Former New York Mayor, honorary knight of the British Empire, future Presidential candidate of the United States: however you define Rudy Giuliani, he makes headlines. Who can forget the images of him, sleeves rolled up, helping his city through the recovery process after September 11 terrorist attack on the World Trade Centre?
Giuliani will make his first ever trip to the Middle East to address the Leaders in Dubai conference on November 29 - 30, the city's largest event since last year's Annual Meetings of the World Bank and International Monetary Fund.
According to Sheena Dunne, Project Director for the conference organizers, LEADING MINDS, his presence at the event will contribute to a seminal event. "Giuliani has been dubbed 'the leader the nation yearned for" and his forthright views on leadership and politics have made headlines over the last decade. He will join six of the world's most influential business leaders for the event, including General Electric's charismatic former CEO, Jack Welch, which will deliver inspirational content as well as dynamic debate."

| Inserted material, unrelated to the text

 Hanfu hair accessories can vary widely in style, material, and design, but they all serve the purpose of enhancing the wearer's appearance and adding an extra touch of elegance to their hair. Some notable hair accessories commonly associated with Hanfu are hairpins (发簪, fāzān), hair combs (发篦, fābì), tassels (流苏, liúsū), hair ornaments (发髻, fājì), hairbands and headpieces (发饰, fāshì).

Giuliani will be prepared for a mixed reception: having refused a $10 million donation from Saudi Arabia's Prince Waleed bin Talal bin Abdul Aziz soon after the attacks, he made headlines for his firm stance. This is not to say he was expressing anti-Arab sentiment, rather that he declared that political comments were not appropriate at the time. Giuliani insisted that the first memorial service should include a Muslim imam and he was vocal in his comments that the city's Arab-Americans were not to be blamed.
Few remember that the September 11 attacks were just one part of Giuliani's climatic final months in office, which were not made easier when he was diagnosed as having prostate cancer. He led the city through an anthrax scare and an air crash - and much of this can be contributed to the immense trust and goodwill he had earned after his honest and hype-free handling of the people at Ground Zero. The measure of his popularity was seen when his successor as mayor, Michael Bloomberg, was trailing his Democrat opponent by 20 points, until Giuliani added his political weight to the campaign, sending Bloomberg to City Hall.

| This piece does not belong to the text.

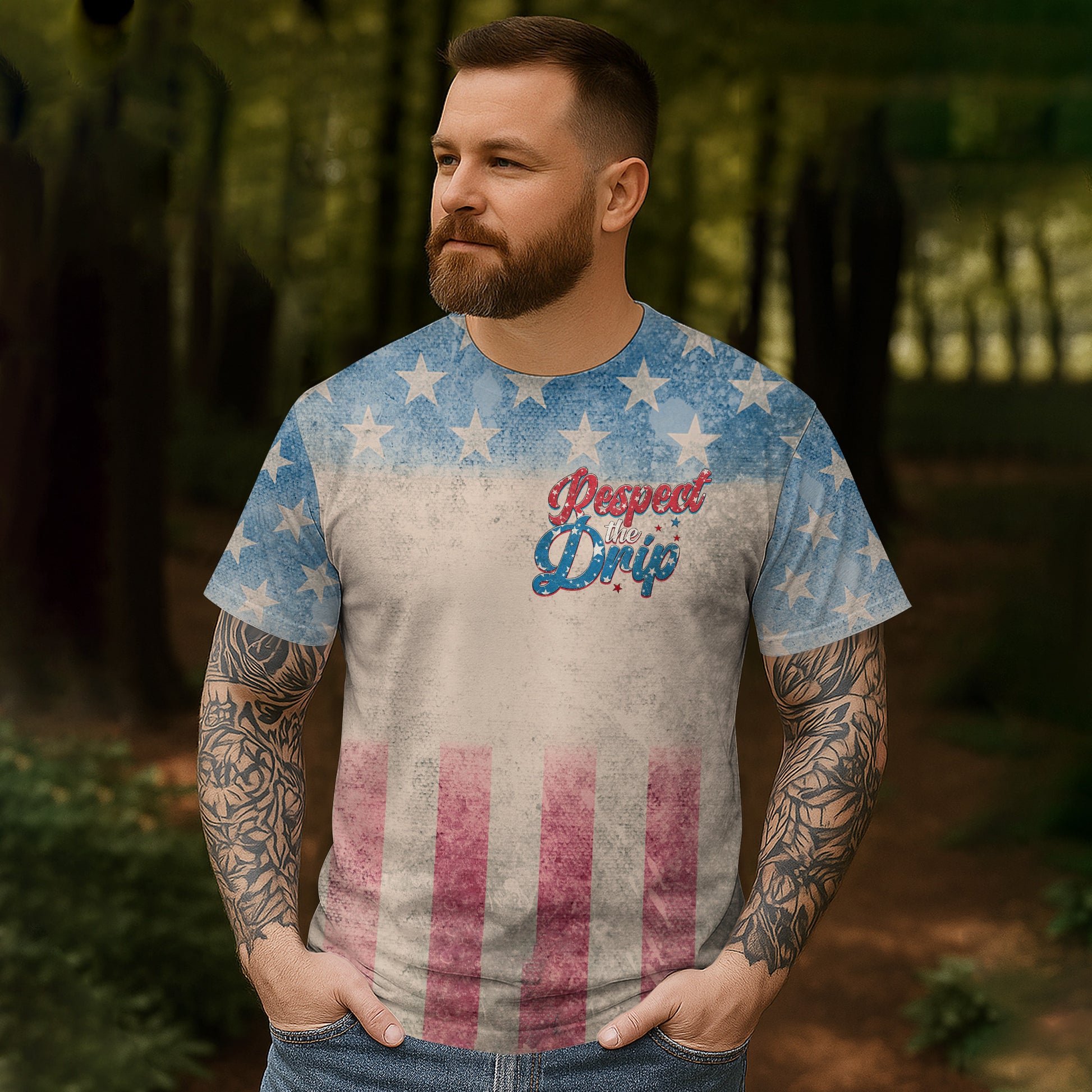 Respect The Drip All Over Print Fourth Of July T-Shirt

The 60-year-old Giuliani's popularity has now transcended the state boundaries and he was voted Time magazine's Person of the Year in 2001. Some have tipped him to replace Dick Cheney as George Bush's running mate for the 2005 Presidential elections, and a ticket to the White House looks a possibility. World leaders, including Vladimir Putin, Nelson Mandela and Tony Blair came to New York to tour Ground Zero by his side. French President Jacques Chirac nicknamed him "Rudy the Rock."
His qualities as a leader were not restricted to his tenure after September 11. When Giuliani took over at City Hall on January 1, 1994, cynics declared the city ungovernable, while New Yorkers yearned for change. Cities across the USA were feeling the influence of a rise of urban crime in the early 1990s, and the effects of gang warfare, drugs and street violence were most keenly felt in New York City.
As mayor, Giuliani returned accountability to city government and improved the quality of life for all New Yorkers with overall crime falling by 65 per cent and New York City's law enforcement strategies have become models for other cities around the world.
When he took office, one of every seven New Yorkers was on welfare. Giuliani is credited with restoring the work ethic, implementing the largest and most successful welfare-to-work initiative in the country, and leading the city to an era of broad-based growth with a record 450,000 new private sector jobs created in eight years.
He took over a city full of homeless people, drug dealers and 2,000 murders a year. A decade later, the city may have budget deficits and job losses, but it has been transformed into a community that is channeling its energies into the business community, and public and private initiatives alike.
According to Giuliani, there are five principles that are common to any leader. The first is having a set of beliefs and knowing what they are. The second is courage: "Courage is not the absence of fear. Courage is feeling fear and being able to overcome it. Optimism is essential to courage and is a lot more fun than pessimism."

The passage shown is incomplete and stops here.